Embodiments of the present invention will be described below in detail. The first flavonoid compound of the embodiment has a structure represented by the following chemical formula 3.

[0012]

Embedded image This first flavonoid compound has a chemical formula of C ₁₅ H ₁₂ O
₆ , a flavonoid compound having a molecular weight of about 289 (4 ′, 5,7,
8-tetrahydroxyflavanone or 2,3-dihydro-5,7,8-tri
hydroxy-2- (4-hydroxyphenyl) -4H-1-benzopyran-4-on
e). This flavonoid compound has a structure represented by the above-mentioned chemical formula (3), and naringenin (4 ′, 5,7-t)
An organic compound having a hydroxyl group at the 8-position of rihydroxyflavanone, so-called 8-hydroxynaringenin (8-hydroxyn)
aringenin).

The second flavonoid compound of the embodiment is:
It has a structure represented by the following chemical formula 4.

[0014]

Embedded image This second flavonoid compound has a chemical formula of C ₁₅ H ₁₂ O
₆ , a flavonoid compound having a molecular weight of about 289 (4 ′, 5,6,
7-tetrahydroxyflavanone or 2,3-dihydro-5,6,7-tri
hydroxy-2- (4-hydroxyphenyl) -4H-1-benzopyran-4-on
e). This flavonoid compound is an organic compound having a hydroxyl group at the 6-position of naringenin, that is, a so-called 6-hydroxynaringenin, based on the structure represented by the above formula (4).
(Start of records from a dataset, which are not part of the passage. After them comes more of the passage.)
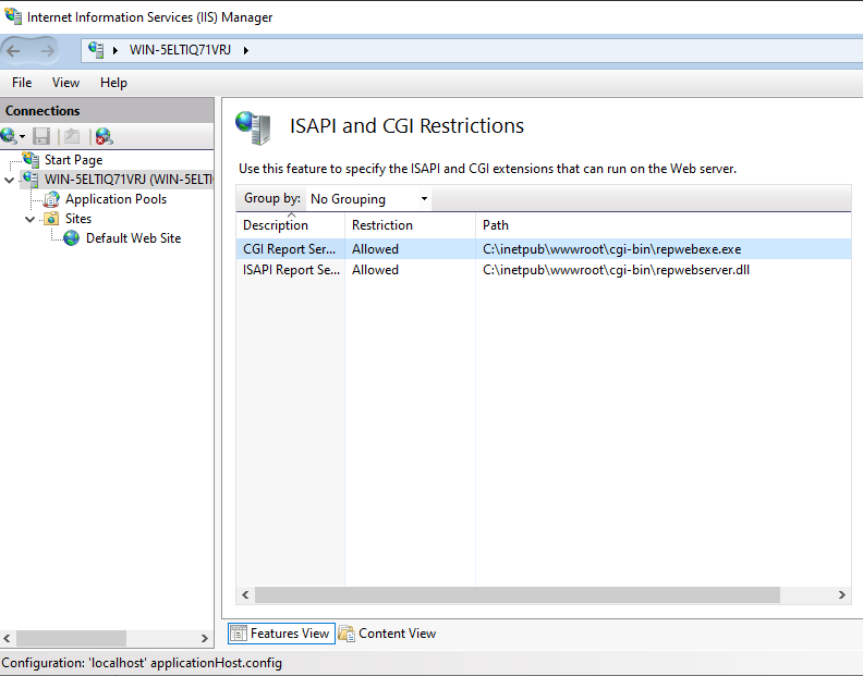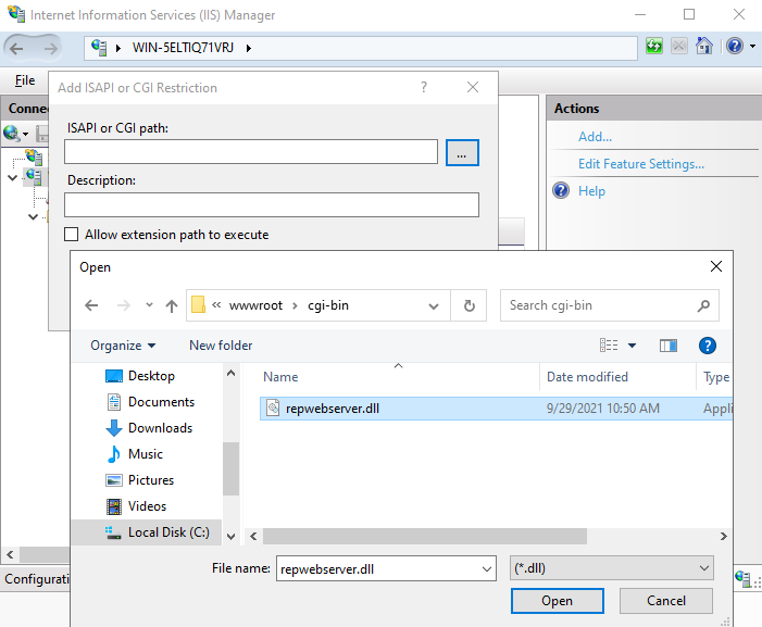 Installing Report Manager web server in Microsoft Internet Information services.
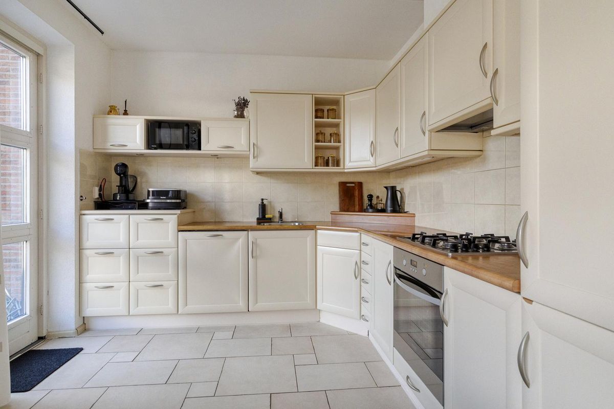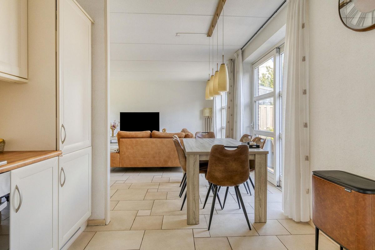 Aan de achterzijde bevindt zich de complete keuken in L-opstelling, uitgerust met diverse inbouwapparatuur, waaronder een koelkast, vriezer, oven, vaatwasser, 4-pits gaskookplaat, afzuigschouw en spoelunit. Vanuit de keuken is er directe toegang tot de tuin.
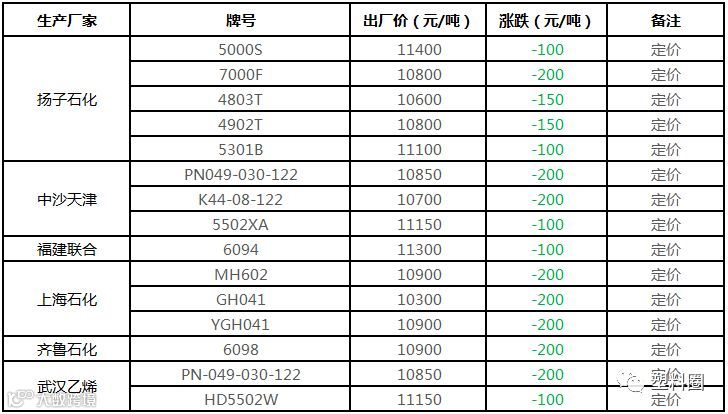 中石化华南HDPE/LDPE定价部分下调50-150元/吨!!!
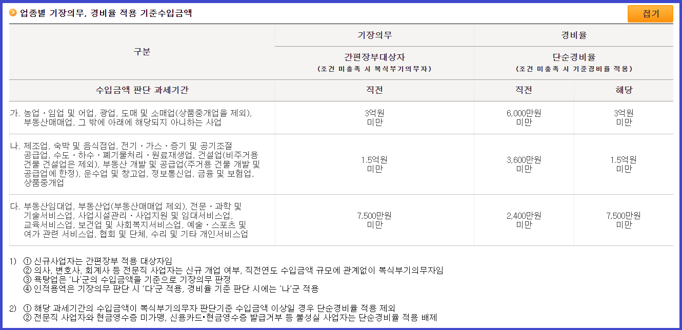 [업종별 기장의무 기준]
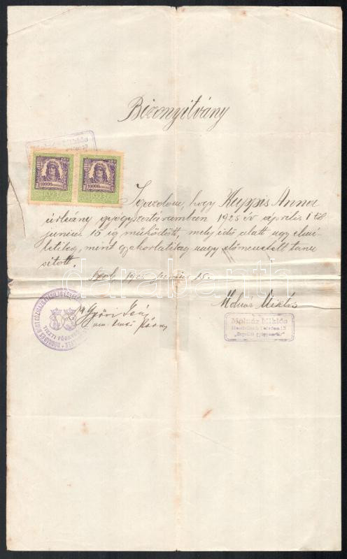 1925 Szob, bizonyítvány gyógyszertári pecséttel, illetékbélyegekkel https://www.darabanth.com/de/477-Fernauktion/477.0/Kunst-Dokumente-andere-Sammelgebiete/Dokument~1000023/1925-Szob-bizonyitvany-gyogyszertari-pecsettel-illetekbelyegekkel~II3253061
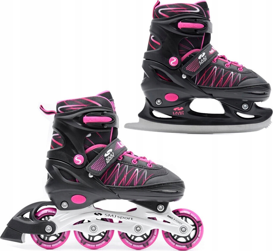 Роликовые коньки SMJ UT 103 Lea 2в1, чёрные и розовые
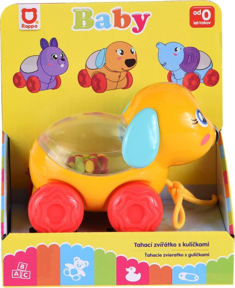 Den søde trækkehund på hjul giver børn masser af sjov og bevægelse. Når den trækkes eller bevæges, hopper farvede kugler rundt inde i den gennemsigtige tromme, hvilket stimulerer synssansen og motorikken. Den ideelle legetøj til de første skridt og aktiv leg.

These 8-hydroxynaringenin and 6-hydroxynaringenin
-Hydroxynaringenin (first and second flavonoid compounds) is soluble in methanol, ethanol and dimethylsulfoxide (DMSO), and slightly soluble, but soluble in water. Furthermore, while the above-mentioned naringenin has almost no antioxidant effect,
And the second flavonoid compound can exhibit an extremely high antioxidant effect. In particular, the 8-hydroxynaringenin can exert a much higher antioxidant effect than 6-hydroxynaringenin. And
Utilizing this high antioxidant activity, it can be added to, for example, foods and beverages and used for health foods and drinks having a health promoting activity. At this time, the first and second flavonoid compounds eliminate active oxygen in the living body to suppress the production of lipid peroxide, and cause lifestyle such as cancer, arteriosclerosis, and complications of diabetes caused by oxidative stress. Helps prevent disease.

The first and second flavonoid compounds include naringin as Aspergillus cytoi (As
pergillus saitoi). That is, these flavonoid compounds
Naringenin and neohesperidios
Aspergillus cytoii is cultured in a medium containing naringin, which is the glycoside of e), and the Aspergillus cytoii is microbial-converted into naringin, thereby producing the supernatant in the culture supernatant. The culture conditions at this time are 20 to 40 ° C. in order to favor the growth of Aspergillus cytoii and the aforementioned microbial conversion.
The culture temperature is preferably aerobic conditions.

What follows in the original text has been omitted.